I’ve written here about Wacky Packs and Garbage Pail Kids, two of the stranger excrescences of Kiddie Popular Culture of the 1970’s and ’80’s, and how they were, no doubt, inspired (directly or indirectly) by MAD Magazine. As it turns out Spiegelman created both...and he acknowledges that MAD Magazine was a significant Childhood Influence.

Last night, I had the good fortune to attend a lecture Spiegelman gave at the Atlanta outpost of Savannah College of Art and Design. For over two hours, he had the rapt attention of several hundred audience members as he talked about everything from 9/11 (he was close enough to watch the whole thing), to the underground comics scene, to his years at the New Yorker, to the Great Muhammad Cartoon Controversy of 2006, to Dick Tracy and Peanuts, to the work of will Eisner.

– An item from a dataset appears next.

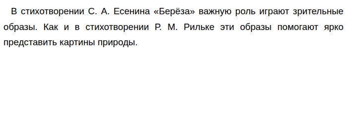 В лирическом произведении С. А. Есенина «Берёза» изображена зимняя белая берёза, растущая под окном лирического героя. Чтобы создать зрительный образ этого дерева, поэт использует художественные детали и метафоры: пушистые ветки, снежная кайма, белая бахрома. Эти выразительно-изобразительные средства позволяют представить берёзу, покрытую инеем, занесённую снегом. Р. М. Рильке, создавая вечернюю картину, использует следующие зрительные образы: закат; солнце, покидающее сад; деревья по краям дорог. Для создания зрительных образов он использует олицетворение: «Деревья жмутся по краям дорог»; «… солнце, покидая сад, // должно ещё раз оглянуться…»; гиперболу: «земле мала околица, // она переросла себя и стала больше небосвода». Таким образом, зрительные образы в стихотворениях С. А. Есенина и Р. М. Рильке помогают полнее и ярче представить художественный мир поэтов. Обновлено: Опубликовал(а): Vladimirovna Внимание! Спасибо за внимание. Полезный материал по теме

He spent quite a bit of time talking about how MAD Magazine - and its sister EC Comics publications, including the entire stable of pre-Code horror comics - helped mold his sensibility and sense of humor. He reminded me of me...except for the fact that he has Artistic Talent.

Afterwards, I had a chance to speak with him briefly and reminisce about some of the shared elements of our New York-area childhoods. It was all too short a dialogue, because I could have listened to his stories for hours.

But thanks to the miracle of the Printing Press, coupled with Spiegelman’s extraordinary vision, I can see his stories anytime I want to.